Dragão de Jorge
Aposentadoria é quando o Dragão vira donzela, quando a
batalha dá lugar ao gozo. Mas o simplesmente gozar não nos foi ensinado.
E mergulhamos então na tristeza da depressão.
Rubem Alves*
Sou Professor
universitário, no gozo da liberdade que a aposentadoria traz, tinha
agora tempo para ler os livros que não lera, fazer as viagens que não
fizera, ou simplesmente tempo para vagabundear. Sobravam-lhe as razões
para viver o que William Blake escrevera: "No tempo de semear, aprender;
no tempo de colher, ensinar; no tempo do inverno, gozar...". Seu
inverno chegara.

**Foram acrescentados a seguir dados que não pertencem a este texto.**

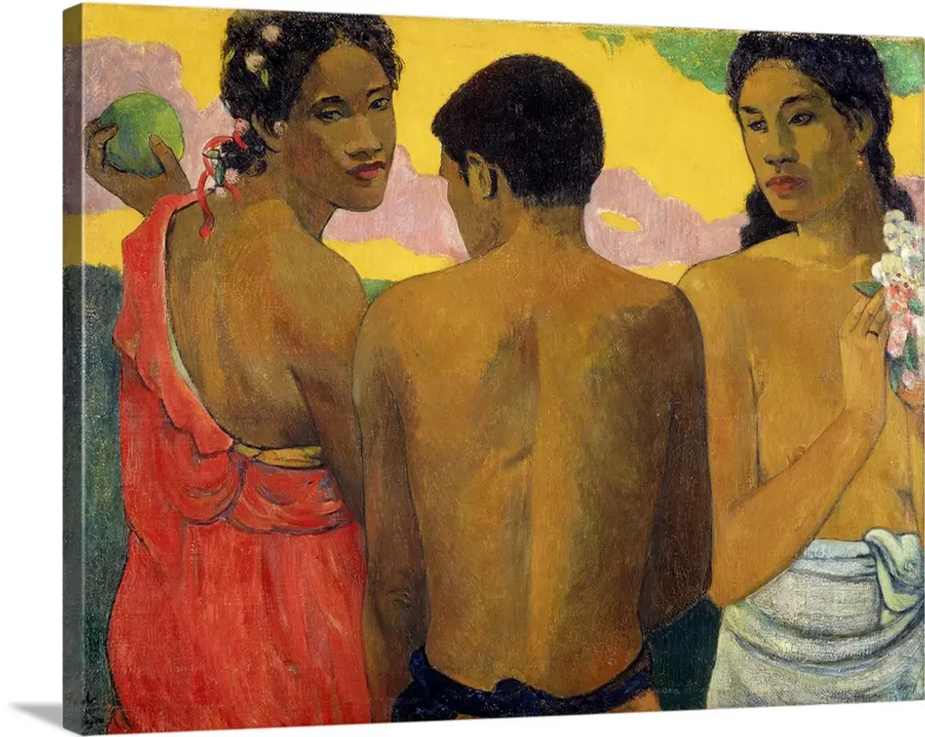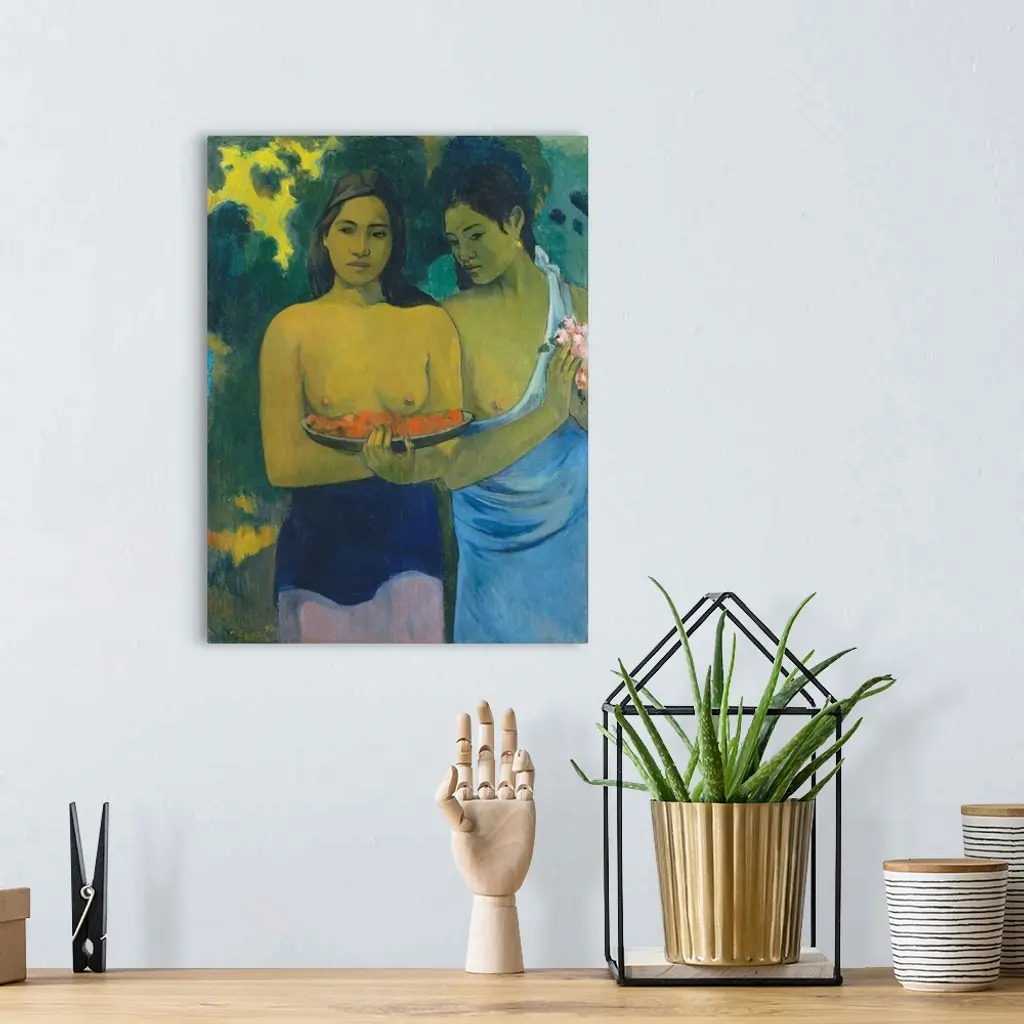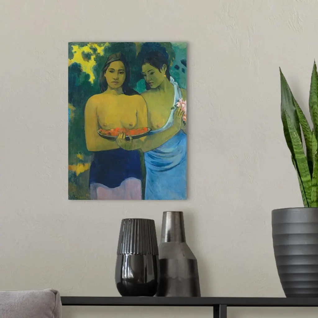 As Gauguin brought his work in Tahiti to a close, he focused increasingly on the beauty and serene virtues of the native women. In this painting, he depended on sculpturally modeled forms, gesture, and facial expression to vivify the sentiments he had used to describe the Tahitian Eve: very subtle, very knowing in her naivete and at the same time still capable of walking around naked without shame. These two figures first appear in the artist's monumental frieze Faa Iheihe (Tahitian Pastoral)of 1898 (Tate, London) and again in the even larger Rupe Rupe (The Fruit Harvest)of 1899 (Pushkin Museum of Fine Arts, Moscow), which he composed for the upcoming Exposition Universelle of 1900.

Estava aposentado, livre da compulsão prática que o
trabalho impõe. Podia entregar-se a realizar os sonhos com que sempre
sonhara. Chegara o tempo de gozar.
Minha cabeça, ao se
defrontar com um enigma, faz o que faziam os gregos: ela inventa
histórias, mitos. Pois foi isso que aconteceu. Baixou-me a história que
passo a contar para explicar a incapacidade de gozar quando é tempo de
gozar. "Desde muitos séculos,
São Jorge fora um habitante da Lua. Romântica quando vista da Terra, a
Lua era a arena de uma batalha diária entre o Santo Guerreiro e o Dragão
da Maldade. Todas as manhãs, ao acordar, São Jorge sabia: havia uma
missão que só ele poderia cumprir.
Era esse sentimento quase
religioso de missão e de dever que dava sentido à sua vida. Bem que ele
poderia ter matado o Dragão séculos antes. Mas ele sabia que se matasse
o Dragão sua vida se transformaria num tédio sem fim: nada para fazer,
nenhuma missão a cumprir. Sua máxima espiritual era 'Pugno, ergo sum':
luto, logo existo. São as batalhas que dão sentido à vida.
Aconteceu, entretanto,
algo de que ninguém suspeitava. O Dragão era, na verdade, uma linda
donzela que uma bruxa invejosa havia enfeitiçado e mandado para a Lua.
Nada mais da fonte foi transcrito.